I’ve always marveled at the trust and obedience of many Bible characters. Pack up your belongings and family and move. Drop your nets and follow me. Take my hand and follow. It seems so simple. Why is it so hard? For me, it’s hard, in part, because I want to be the one holding the hand and guiding. Isn’t it ironic how often people of faith are also control freaks. I’m talking about myself here. I want to be the one holding the hand and I want to be the one leading. Instead of viewing the world with Christ’s compassion, I view the world with judgements and decide just how it should be. I see splinters in everybody’s eyes and I can’t seem to recognize the beam in my own eye. To paraphrase Reinhold Neihbur’s famous prayer. One part is taking God’s hand and submitting my will to God’s will. The courage to change things I can. And one part is letting go of some hands. The serenity to accept things I cannot change. And the wisdom to know the difference.

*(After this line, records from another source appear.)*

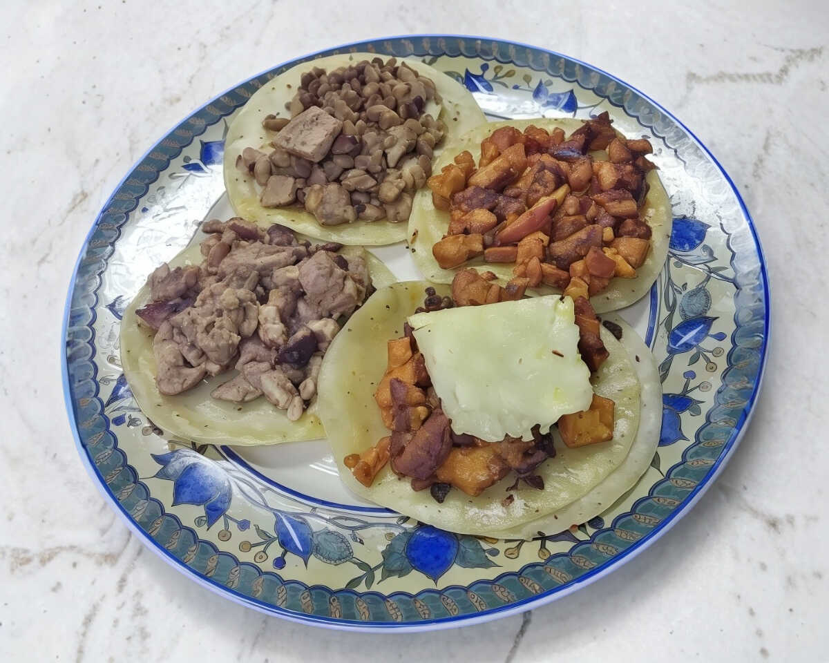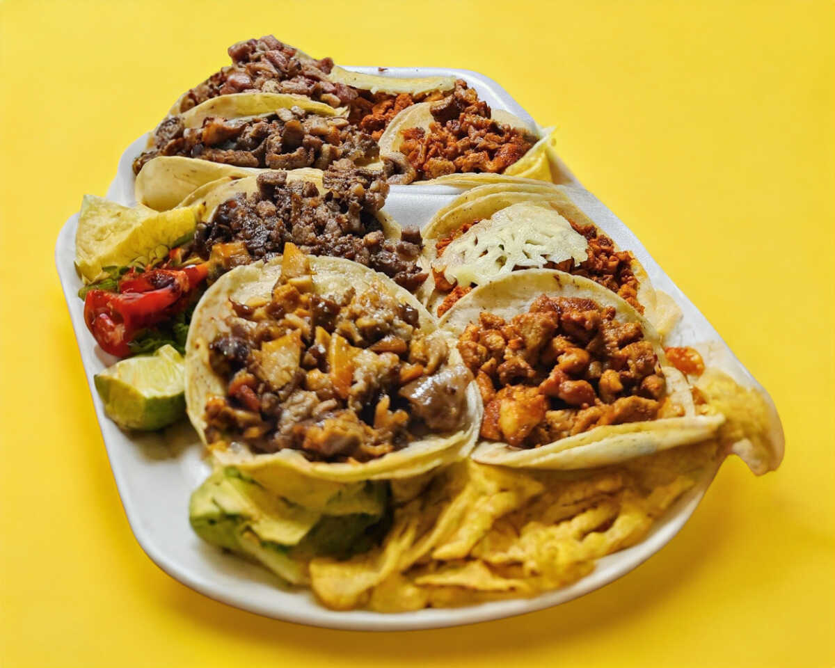 Variedad de deliciosas carnes ,troceada lista para taquear, queso gratinado acompañado de cebolla caramelizada, salsas, verduras, tortillas de maíz
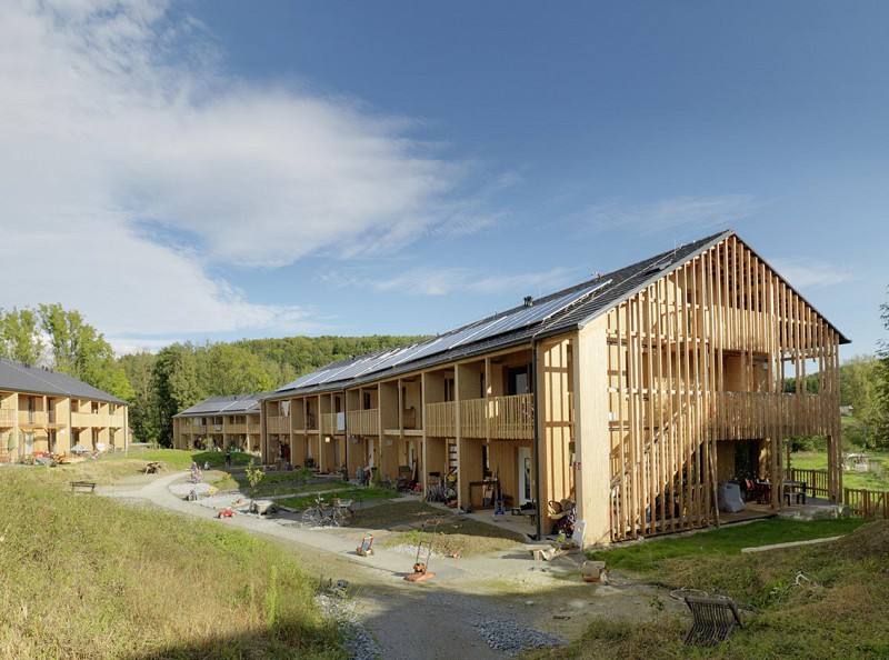 3 Häuser,28 Wohnungen, mehrere Nebengebäude, 70 Menschen. Eine kleine Siedlung, autofrei mit ganz normalen, klein und einfach gehaltenen Wohnungen in Holzbauweise, PV-Anlage, Batteriespeicher und Hackgutheizung.
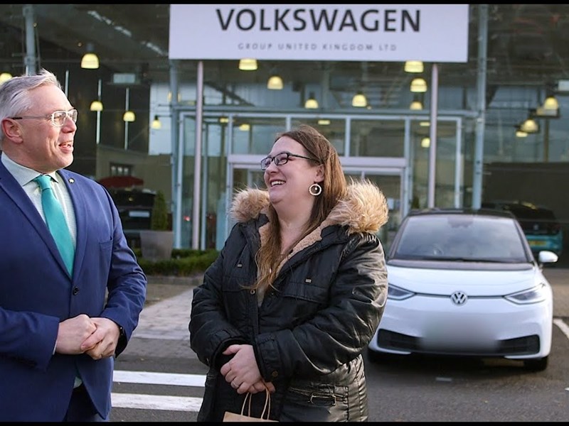 Anne Louise from Bletchley today arrived at the Volkswagen Group Head Office along with Ian Revell, CEO at Milton Keynes Community Foundation, where they met Oliver Larkin, Head of Group Corporate and Public Relations at Volkswagen Group, to handover her spectacular prize.
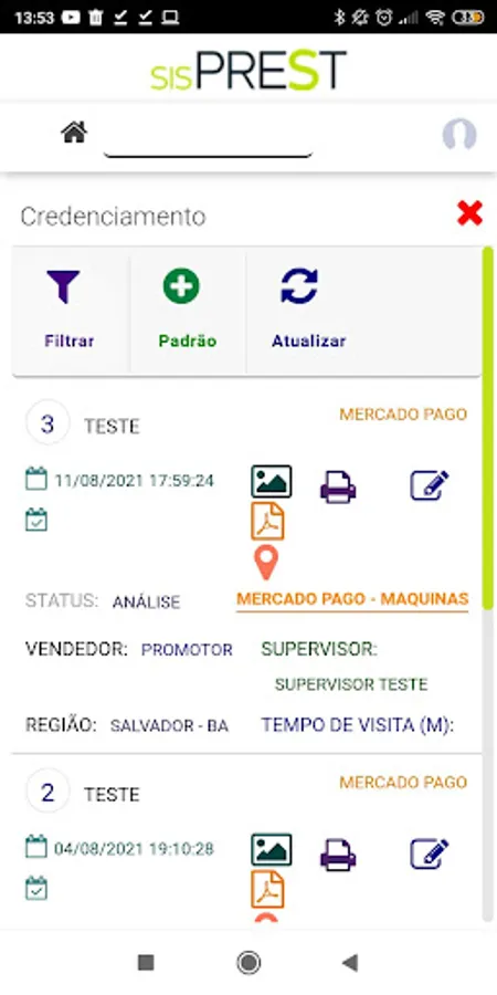 Through this application, your team verifies the work's address, contact persons, vehicles and tools reserved for the visit, sales products and extras to be delivered, services and tasks to be performed and put their service report and point out identified pending issues; as well as taking pictures of the tasks and services performed, showing the result of the day's work.
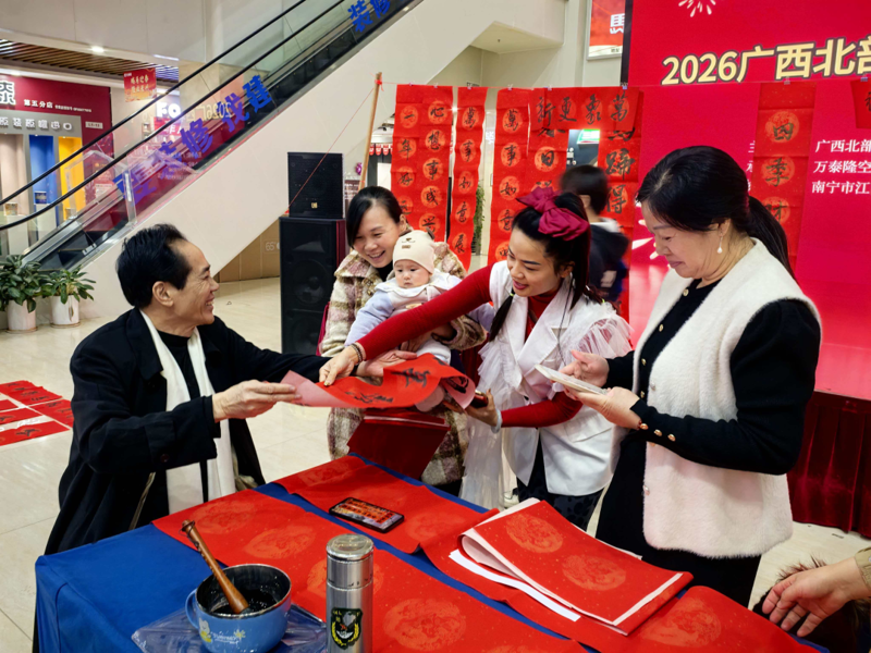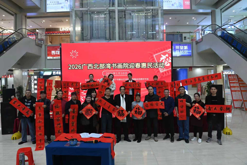 2026年1月10日,由南宁市群众艺术馆联合广西北部湾书画院主办、万泰隆空中花园承办的“迎春送福”文化惠民志愿服务活动,在南宁万泰隆家具城广场温情举行。活动依托文化志愿服务体系,组织文化志愿者深入市场一线,以传统书法艺术为载体,为广大商户、企业员工及市民送上新春祝福,让中华优秀传统文化在基层落地生根、温润人心。

This lesson hit me recently. We live across the street from a wonderful park where my kids love to play. On a recent warm evening, my wife and I were sitting outside in our front yard. My youngest son, Seth, a recent kindergarten graduate, asked if he could cross the street and play with his brothers in the park. My wife told him to look both ways, be careful and go ahead. My mouth dropped open and I looked at my wife like she had grown a third eye. Excuse me?!? Did I miss the memo? When did the rules change? It is an unwritten rule in the O’Reilly household that until a certain age, the youngest brother must always hold the hand of an older brother or an adult in order to cross the street to the park. I jumped up and told Seth that he would need to hold my hand if he wanted to cross the street. When I reached to grab his hand he immediately pulled away and exclaimed, "But mom said it was okay!" Being the veteran of thousands of father-son skirmishes, I was quite familiar with the divide and conquer tactic and was not about to be taken in. "You have to hold my hand!" Seth leaned in to me and whispered quietly so his brothers would not hear, "but dad, I’m not a baby anymore." I stopped and took a long look at my son. I asked him if he would take my hand and lead me across the street. He agreed.
This was a good lesson for me, but a hard lesson. I think it’s normal to want to be in control. It’s normal to think I know what is best. I have to ask myself quite often, am I offering my hand to help this person or am I offering my hand because I think I can fix this person? Discernment in this area is important. It is a constant struggle. One of my biggest desires in life is to be an ambassador for Christ. When I’m operating in control freak mode I am not an ambassador, but a stumbling block, standing between God and the person. My prayer is for wisdom and discernment in this area and to simply trust in God’s wisdom, love and forgiveness.